Знаки внимания, оказанные метрдотелем, направили мои мысли по новому руслу, и за кофе я рассказала ему о Блэз, француженке-портнихе. Она была очень рада, когда миссис Ван-Хоппер заказала ей три летних платья, и, провожая ее потом к лифту, я представляла, как она шьет их в своей крошечной мастерской позади душного магазинчика, а на диване лежит умирающий от чахотки сын. Я видела, как, щуря усталые глаза, она вдевает нитку в иголку, видела пол, усеянный обрезками ткани.

— Так что же? — спросил он, улыбаясь. — Ваша картина оказалась неверна?

— Не знаю, — ответила я. И рассказала, как, пока я вызывала лифт, она порылась в сумочке и вынула оттуда бумажку в сто франков. «Вот ваши комиссионные, — шепнула она фамильярным, неприятным тоном, — за то, что вы привели свою хозяйку ко мне в магазин». Когда я, сгорая от стыда, отказалась, портниха хмуро пожала плечами. «Как хотите, — сказала она, — но, уверяю вас, здесь так принято. Может быть, вы предпочтете получить платье? Зайдите как-нибудь ко мне без мадам, я подберу что-нибудь подходящее и не возьму с вас ни су». Не знаю почему, но меня при этом охватило то же тошнотворное гнетущее чувство, какое я испытала в детстве, переворачивая страницы книги, которую мне было не велено трогать. Образ чахоточного сына портнихи потускнел, и вместо него я увидела, как я, будь я другая, с понимающей улыбкой прячу в карман грязную бумажку, и, возможно, сегодня, в свои свободные часы, направляюсь украдкой в магазин Блэз, чтобы выйти оттуда с платьем, за которое я ничего не заплатила.

Я ждала, что он рассмеется, это была глупая история, сама не знаю, зачем я ее рассказала, но он задумчиво смотрел на меня, помешивая кофе.

— Мне кажется, вы совершили большую ошибку, — сказал он наконец.

— Не взяв сто франков? — возмущенно воскликнула я.

— Нет… Господи, за кого вы меня принимаете?
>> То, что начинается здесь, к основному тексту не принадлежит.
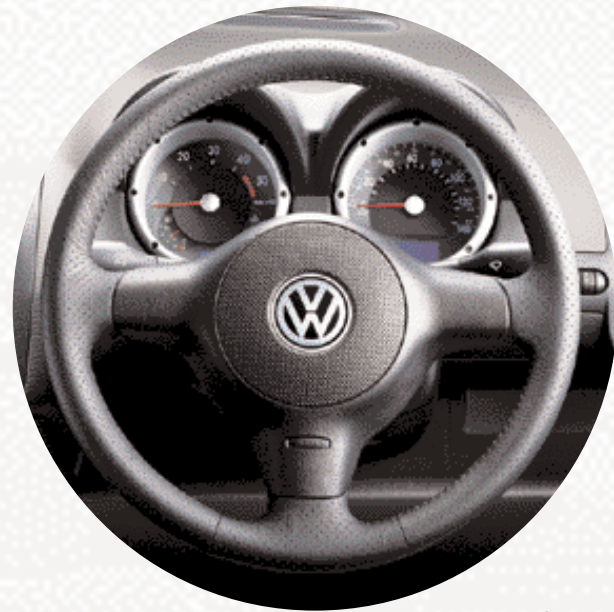
The finishing touch: perforated leather on the steering wheel, handbrake and gear lever gaiter.

on the open road. Comfort and lots of standard features will make you believe you're driving a much larger class of car. Inevitably, something will make you realise this isn't the case – petrol stations! As you pass one after the other, mile after mile, suddenly the economical Lupo brings an added smile to your face as you realise small really is beautiful.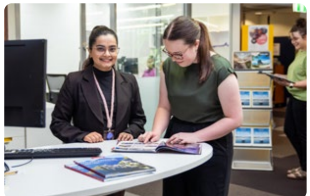
Fully equipped libraries and study hubs.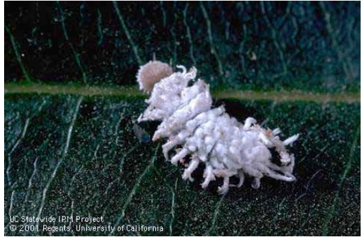
Mealybug destroyer larva feeding on citrus mealybug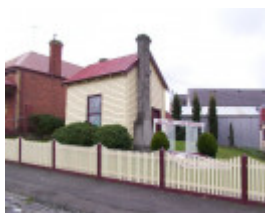
22 Barkly Street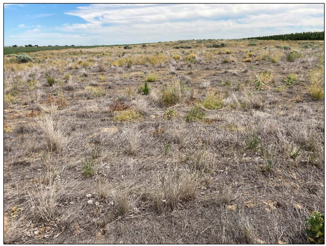
Weeds showing signs of dying after herbicide application, site to be planted with native grass in Fall 2022 in West Grant County

Okanogan Lands 20/20 Project Submittals: Okanogan Lands Operations Manager Haug submitted five applications for acquisitions in Okanogan County. The projects protect critical shrub-steppe and riparian habitats and increase recreation opportunity in the area. The applications will be reviewed later this month and then presented to staff in Olympia for approval.

Мне кажется, что вы совершили ошибку, приехав сюда, встав под знамена миссис Ван-Хоппер. Вы не годитесь для такой работы. Прежде всего, вы слишком молоды, слишком мягки. Блэз и ее комиссионные — это чепуха. Первый из многих подобных случаев с другими, подобными ей. Вам придется или уступить, стать похожей на Блэз, или остаться самой собой, и тогда вас сломают. Кто вам посоветовал этим заняться?